→ **LISTED ENTRIES**
+++++

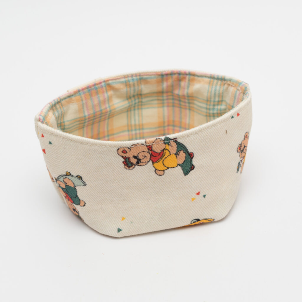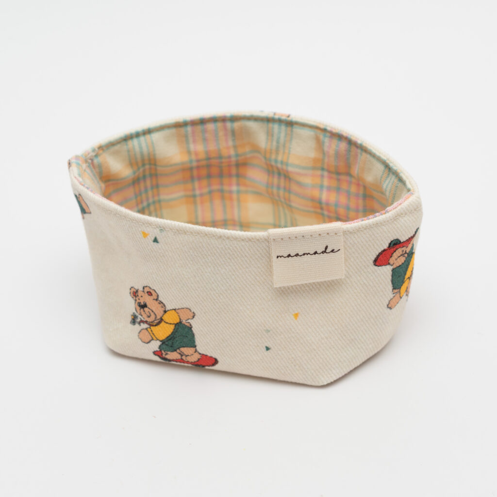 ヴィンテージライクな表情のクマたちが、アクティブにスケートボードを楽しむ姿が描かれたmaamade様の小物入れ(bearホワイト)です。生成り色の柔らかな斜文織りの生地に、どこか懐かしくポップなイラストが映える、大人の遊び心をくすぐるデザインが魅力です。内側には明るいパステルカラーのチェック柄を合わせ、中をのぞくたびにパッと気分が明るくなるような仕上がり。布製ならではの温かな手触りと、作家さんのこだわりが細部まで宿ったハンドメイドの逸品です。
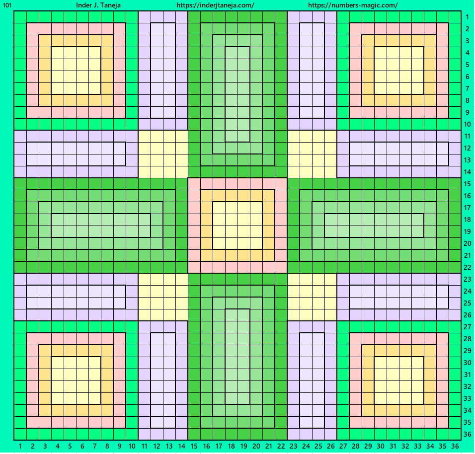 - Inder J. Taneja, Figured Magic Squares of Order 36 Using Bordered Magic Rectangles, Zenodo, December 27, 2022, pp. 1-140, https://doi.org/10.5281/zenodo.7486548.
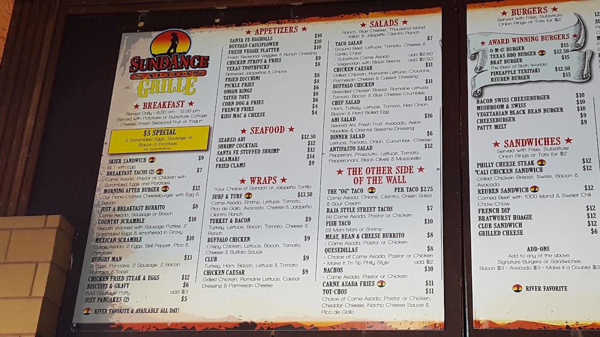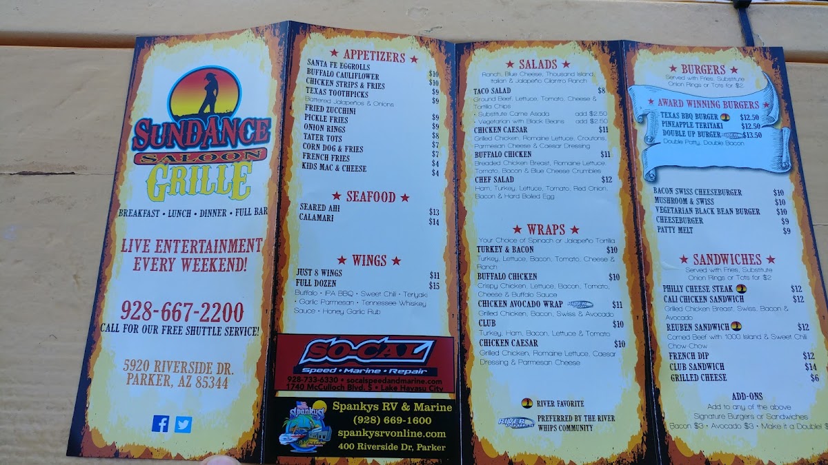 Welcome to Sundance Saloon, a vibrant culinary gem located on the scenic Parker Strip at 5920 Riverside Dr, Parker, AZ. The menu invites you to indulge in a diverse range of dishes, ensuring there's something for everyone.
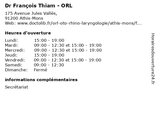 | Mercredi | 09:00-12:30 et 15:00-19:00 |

+++++

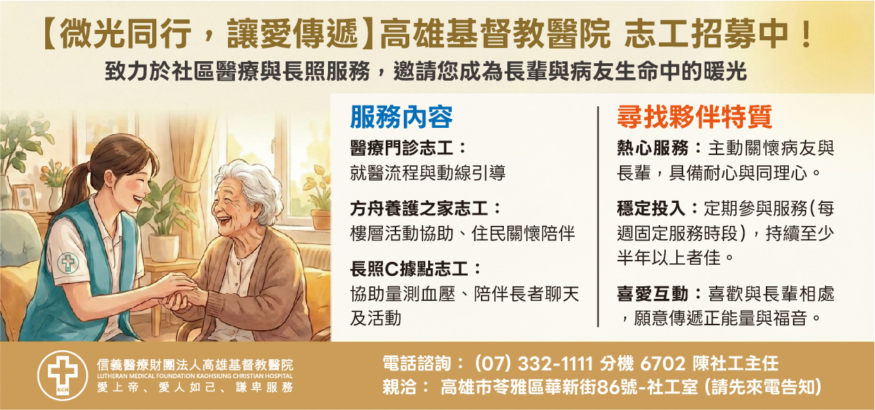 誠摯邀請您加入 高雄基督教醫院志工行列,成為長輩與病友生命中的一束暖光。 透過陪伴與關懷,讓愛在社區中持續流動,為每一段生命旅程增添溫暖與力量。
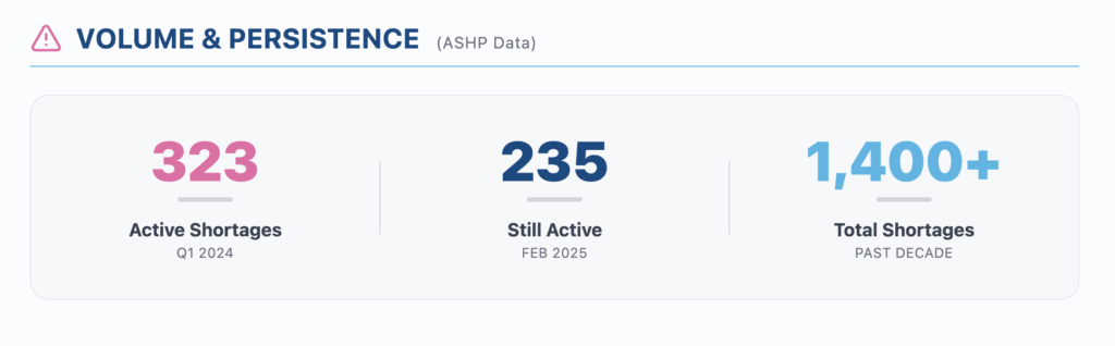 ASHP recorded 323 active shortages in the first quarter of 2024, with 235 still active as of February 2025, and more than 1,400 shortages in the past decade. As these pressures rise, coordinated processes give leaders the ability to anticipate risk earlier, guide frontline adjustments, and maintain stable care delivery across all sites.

+++++

→ **YOUR OBJECTIVE**
Transcribe exactly the lines above, beginning at the one with "- Inder J. Taneja, Figured" and going up to and including the one with "et 15:00-19:00 |". Pictures do not belong in the copy.

→ **RESPONSE AREA**
 - Inder J. Taneja, Figured Magic Squares of Order 36 Using Bordered Magic Rectangles, Zenodo, December 27, 2022, pp. 1-140, https://doi.org/10.5281/zenodo.7486548.
 Welcome to Sundance Saloon, a vibrant culinary gem located on the scenic Parker Strip at 5920 Riverside Dr, Parker, AZ. The menu invites you to indulge in a diverse range of dishes, ensuring there's something for everyone.
 | Mercredi | 09:00-12:30 et 15:00-19:00 |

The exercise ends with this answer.